The physical volume of Mexican manufacturing production increased 1% in November 2025 compared to last October, according to the results of the Monthly Survey of the Manufacturing Industry (EMIM) , conducted by the National Institute of Statistics and Geography (Inegi) .
On an annual basis, the country’s manufacturing activity also registered a positive result, with an increase of 1.4% , according to the agency’s figures.
Despite the growth in the sector, the number of people employed in this activity decreased by 0.4% monthly in the penultimate month of 2025, while in its annual measurement it fell by 2.7 percent.
By type of contract , non-dependent staff (who are hired and provided by another company and for fees or commissions without a fixed salary or wage) fell 0.5%, and dependent staff of the company decreased 0.4 percent.
Meanwhile, hours worked fell by 0.6% compared to last October , while average real wages paid (salaries, wages and social benefits) fell by 0.6% month-on-month.

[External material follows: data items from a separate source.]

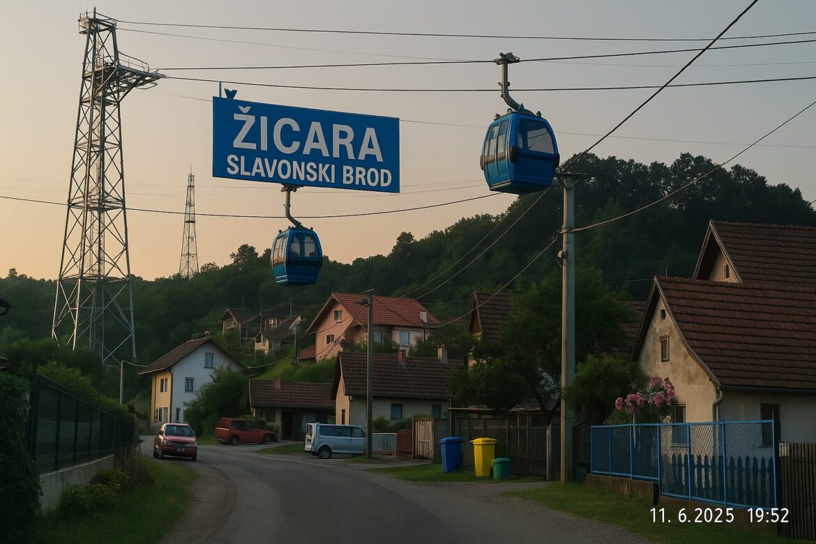 Slavonski Brod, grad gdje je sve moguće osim vode u 21. stoljeću. Dobro ste pročitali. Dok neki dijelovi grada još uvijek sanjaju o pipi iz koje nešto curi osim znoja, Brođani su dočekali žičaru. Ne šalu, ne gondolu na sajmu, ne uspinjaču za kukuruz, već pravu pravcatu žičaru. Prvu u Slavoniji. Slavoniji, zemlji ravnoj poput daske iz Slavonije drvne. I ravno u to doleti žičara.
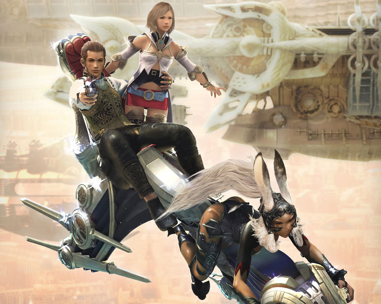 Скачать обои для рабочего стола Три человека на летающем мотоцикле и фото
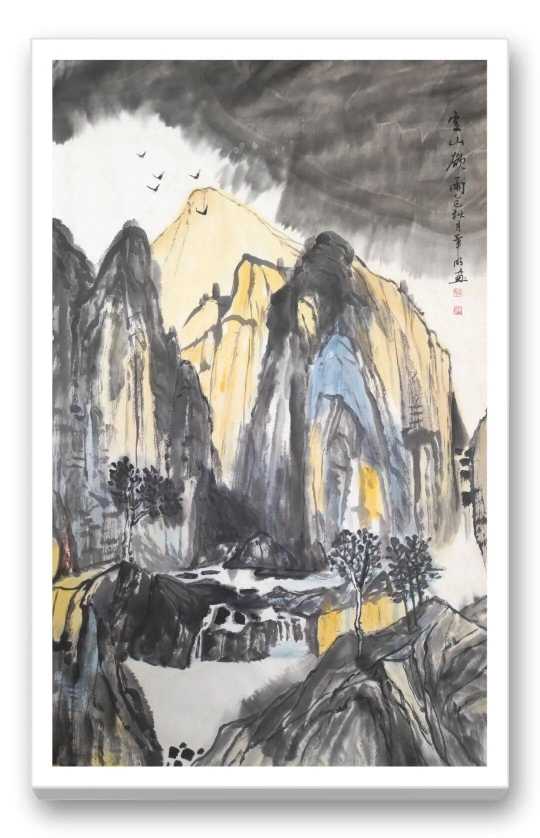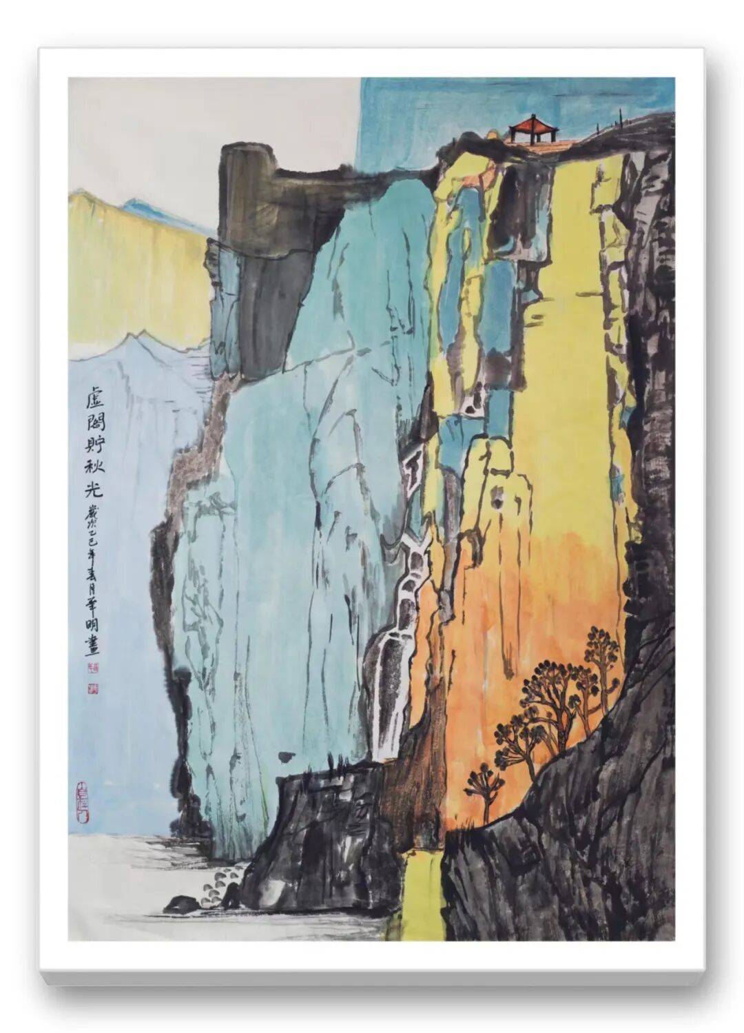 而在墨与彩的关系处理上,聂华明老师突破了传统山水画“水墨为上”的固有模式,大胆且巧妙地运用色彩,使画面焕发出新的生机。传统山水画的色彩多为浅绛、青绿等较为素雅的色调,以辅助水墨营造意境。但聂老师的作品中,色彩不再是水墨的附属,而是与水墨相互交融、相互映衬的重要元素。画面中的山壁,一侧是澄澈的蓝,一侧是暖调的黄与橙,色彩的碰撞既形成了强烈的视觉冲击,又通过水墨的调和,让色彩过渡自然,不显突兀。蓝色的冷寂与黄橙的暖融,恰似秋光中的清寒与和煦并存,既展现出秋天特有的节气氛围,又在色彩的对比中,赋予了画面现代艺术的形式美感,使传统山水在色彩的助力下,更具时代气息。
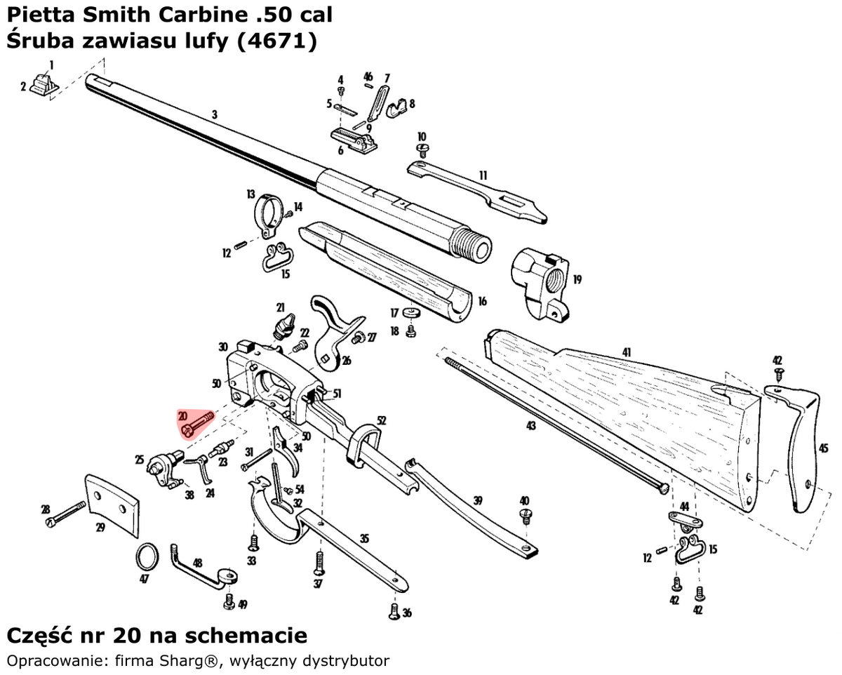 - 4671 (service) bolt of the barrel hinge of the Italian company Pietta for the Smith Carbine Cavalry (SMT50) and Smith Carbine Artillery (SMTA50) black powder rifles.
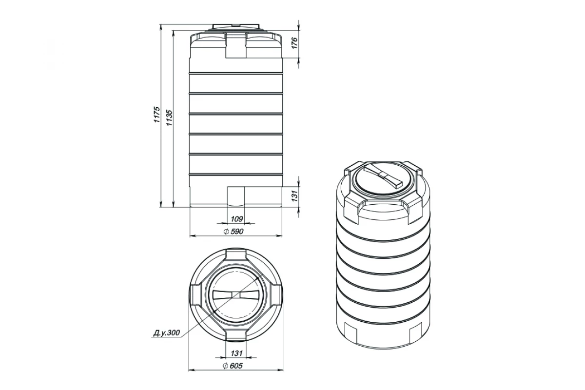 Вертикальная цилиндрическая бочка объемом 300 литров имеет максимально устойчивую конструкцию и усилена специальными горизонтальными ребрами жесткости.
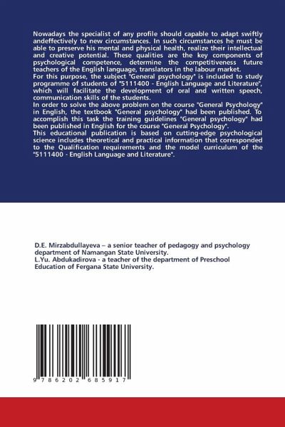 Nowadays the specialist of any profile should capable to adapt swiftly andeffectively to new circumstances. In such circumstances he must be able to preserve his mental and physical health, realize their intellectual and creative potential. These qualities are the key components of psychological competence, determine the competitiveness future teachers of the English language, translators in the labour market. For this purpose, the subject "General psychology" is included to study programme of students of "5111400 - English Language and Literature", which will facilitate the development of oral and written speech, communication skills of the students. In order to solve the above problem on the course "General Psychology" in English, the textbook "General psychology" had been published. To accomplish this task the training guidelines "General psychology" had been published in English for the course "General Psychology". This educational publication is based on cutting-edge psychological science includes theoretical and practical information that corresponded to the Qualification requirements and the model curriculum of the "5111400 - English Language and Literature".
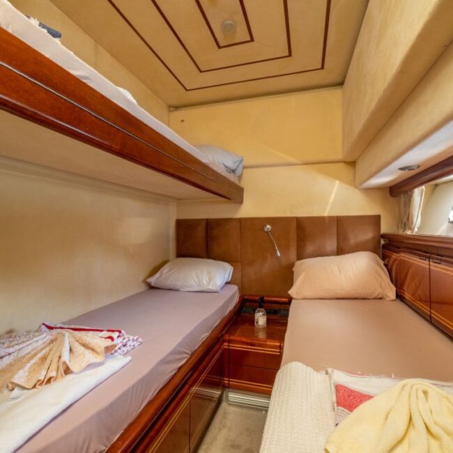 motoryattır. Tam donanımlı ve şık bir görüntüye sahip olduğu için keyifli bir tatil geçireceğinizi umuyoruz. Toplamda 4 kabin ; 1 master, 2
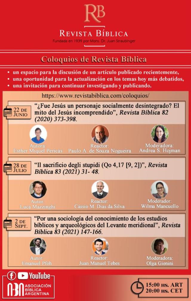 Desde Asociación de Biblistas Argantina (ABA) presentaremos este espacio académico (totalmente gratuito) para discutir artículos recientes de la Revista Biblica …
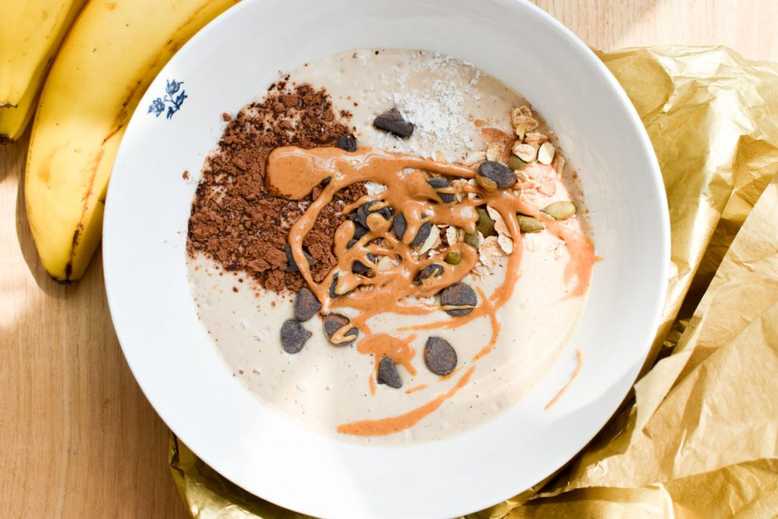 Pindakaas smoothiebowl (een gezond en eiwitrijk ontbijt!)

By subsector, the manufacture of petroleum and coal products was the industry that had the largest increase in physical production volume, with 46.2% year-on-year
This was followed by the production of computer, communication, measurement and other electronic equipment, components and accessories , with a growth of 7.2%, and the manufacture of accessories, electrical appliances and electrical power generation equipment , with an annual increase of 1.4%.
According to Inegi, “the Monthly Survey of the Manufacturing Industry reports on the situation of the main variables of production and employment in the manufacturing sector.”

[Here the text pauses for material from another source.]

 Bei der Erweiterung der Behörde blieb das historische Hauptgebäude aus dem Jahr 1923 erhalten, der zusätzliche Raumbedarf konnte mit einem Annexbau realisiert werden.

This industry, one of the most important in the country, has remained resilient in the face of the new trade order, which has undergone constant changes due to the imposition of tariffs and the geopolitical reconfiguration in the world.
According to analysts, the manufacturing industry will continue to face challenges this year, while Foreign Direct Investment (FDI) is expected to continue investing in this sector to strengthen it.